Меня опять, словно порывом горячего ветра, обдало волной желания.
Господи, как же я хотела его! Сложив руки на груди, я даже согнулась, ожидая, пока пройдет приступ. И вдруг я снова вспомнила первые годы учебы в университете, когда я точно так же страдала от сексуального голода, но тогда все это было на чисто физиологическом уровне; без обещаний брачных уз, без обещаний вечной любви. Отвратительные воспоминания о комплексе неполноценности из-за сексуальных отклонений, будто я скрывала какую-то тайну, сделавшую меня отверженной.

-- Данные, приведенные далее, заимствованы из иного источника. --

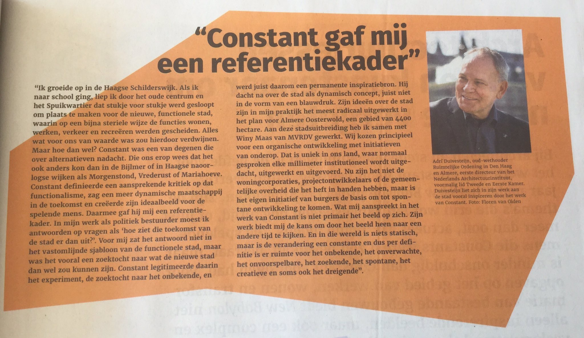 Met zijn ideeën voor een stad waarin mensen vrij zijn, waarin ruimte is voor creatieve expressie en waarin alles met elkaar in verbinding staat – als ware het een labyrintisch netwerk – was Constant een pionier in de naoorlogse rehabilitatie van de organische stad. Veel van wat ik in Den Haag en (met name) Almere heb bepleit en gedaan kan dan ook rechtstreeks worden teruggebracht tot de tegenstelling tussen de geplande en spontane stad zoals Constant die manifest maakte. Het is daarom dat ik de ‘Labyrismen’ van Constant als kopbeelden voor deze website heb gebruikt, en expliciet heb toegelicht waarom en hoe zijn werk mijn handelen heeft beïnvloed. In het openingswoord dat ik mocht uitspreken op 28 mei bij de tentoonstelling Constant – New Babylon: Aan ons de vrijheid in het Gemeentemuseum Den Haag ga ik daar nog wat specifieker op in.

Но все-таки как приятно вновь почувствовать безумство молодости! И в то же время как страшно! На сей раз все это было связано с другим существом, с Эллиотом Слейтером, вихрем ворвавшимся в мою жизнь и ставшим властителем моей души и моего тело. И если я не буду об этом думать, думать всерьез, то могу впасть в самую настоящую депрессию.

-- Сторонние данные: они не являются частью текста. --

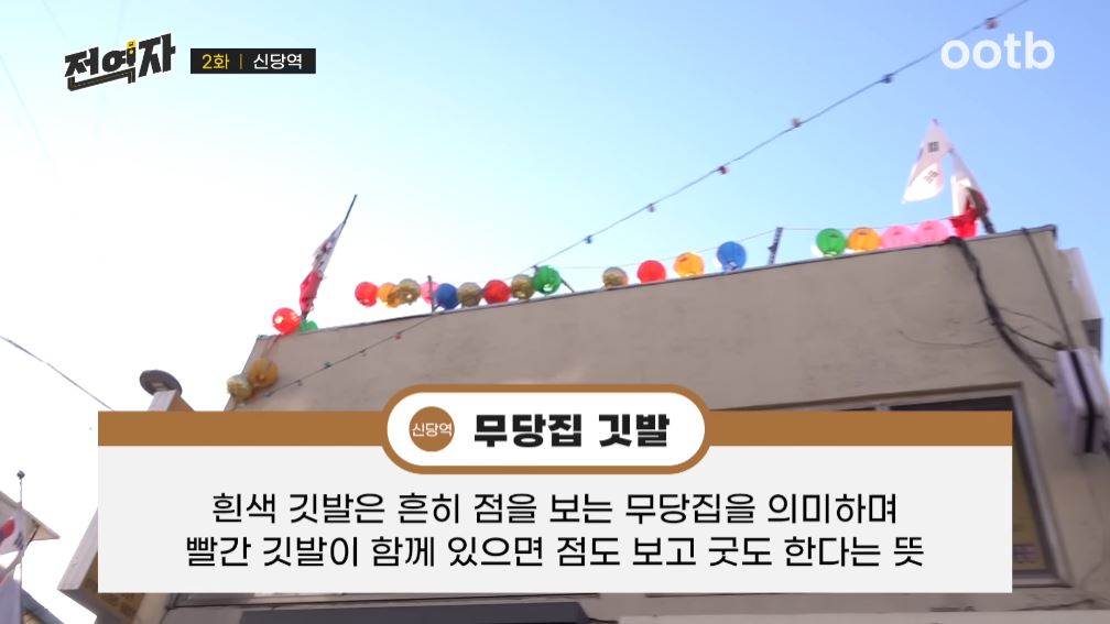 이름의 유래대로 신당역 3-4번 출구 주변에는 점집이 많이 모여 있는데요. 점집마다 다르겠지만 점을 보는데 보통 5만 원~10만 원 정도 비용이 든다고 합니다. 보통 흰색 깃발은 점을 보는 무당집을 의미하며 빨간 깃발이 함께 있으면 점도 보고 굿도 한다는 뜻이라고 하네요.

Я слезла с кровати и осторожно подошла к чемоданам. Они были сильно потертые, с обшарпанными кожаными углами. И очень тяжелые. Я повернула ключ в замке того, что слева, и расстегнула ремни.
Но внутри все было по-другому. От аккуратно сложенной одежды исходил слабый аромат мужского одеколона. Чудная коричневая вельветовая куртка с заплатами на локтях. Твидовый пиджак. Три роскошных костюма от «Брукс бразерс», синие рубашки, еще с бирками. Армейские водолазки. Две отпадные куртки цвета хаки в стиле «сафари», и карманах которых я обнаружила скомканные парковочные талоны и билеты на самолет. Строгие полуботинки, мокасины от «Балли», дорогие джинсы. Да, похоже, мистер Слейтер летает только первым классом.